Description
nerdl_conll_elmo
is a Named Entity Recognition (or NER) model, meaning it annotates text to find features like the names of people, places, and organizations. It was trained on the CoNLL 2003 text corpus. This NER model does not read words directly but instead reads word embeddings, which represent words as points such that more semantically similar words are closer together. nerdl_conll_elmo
model is trained with elmo
word embeddings, so be sure to use the same embeddings in the pipeline.
Predicted Entities
PER
, LOC
, ORG
, MISC
Live Demo Open in Colab Download Copy S3 URI
How to use
document_assembler = DocumentAssembler() \
.setInputCol('text') \
.setOutputCol('document')
tokenizer = Tokenizer() \
.setInputCols(['document']) \
.setOutputCol('token')
embeddings = ElmoEmbeddings\
.pretrained('elmo', 'en')\
.setInputCols(["token", "document"])\
.setOutputCol("embeddings")\
.setPoolingLayer("elmo")
ner_model = NerDLModel.pretrained('nerdl_conll_elmo', 'en') \
.setInputCols(['document', 'token', 'embeddings']) \
.setOutputCol('ner')
ner_converter = NerConverter() \
.setInputCols(['document', 'token', 'ner']) \
.setOutputCol('entities')
pipeline = Pipeline(stages=[
document_assembler,
tokenizer,
embeddings,
ner_model,
ner_converter
])
example = spark.createDataFrame([['My name is John!']]).toDF("text")

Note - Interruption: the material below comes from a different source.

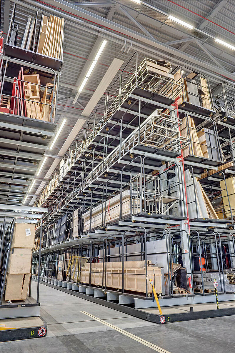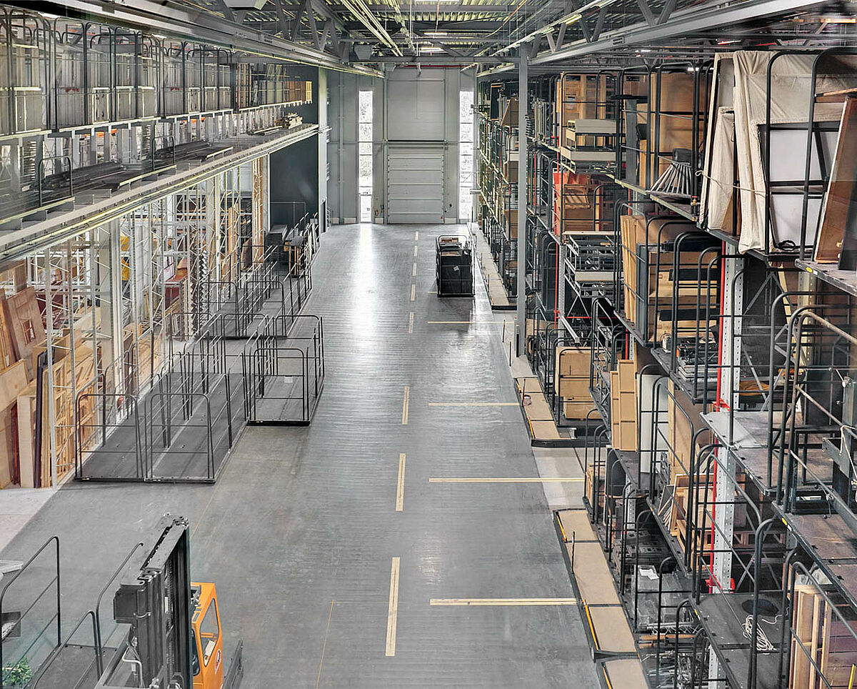 U 20 nizova dugačkih gotovo 60 m i visokih oko 12 m može se uskladištiti 560 kotrljajućih kolica za kulise punih kulisa različitih veličina i dimenzija. Pri veličini kolica za kulise od 8 m dužine, 2.30 m širine, 2,80 m visine i nosivosti 3.000 kg čak i cijeli automobili mogu na njima pronaći svoje mjesto.

result = pipeline.fit(example).transform(example)
val document_assembler = DocumentAssembler()
.setInputCol("text")
.setOutputCol("document")
val tokenizer = Tokenizer()
.setInputCols("document")
.setOutputCol("token")
val embeddings = ElmoEmbeddings.pretrained("elmo", "en")
.setInputCols("document", "token")
.setOutputCol("embeddings")
.setPoolingLayer("elmo")
val ner_model = NerDLModel.pretrained("nerdl_conll_elmo", "en")
.setInputCols("document"', "token", "embeddings")
.setOutputCol("ner")
val ner_converter = NerConverter()
.setInputCols("document", "token", "ner")
.setOutputCol("entities")
val pipeline = new Pipeline().setStages(Array(document_assembler, tokenizer, embeddings, ner_model, ner_converter))
val example = Seq.empty["My name is John!"].toDS.toDF("text")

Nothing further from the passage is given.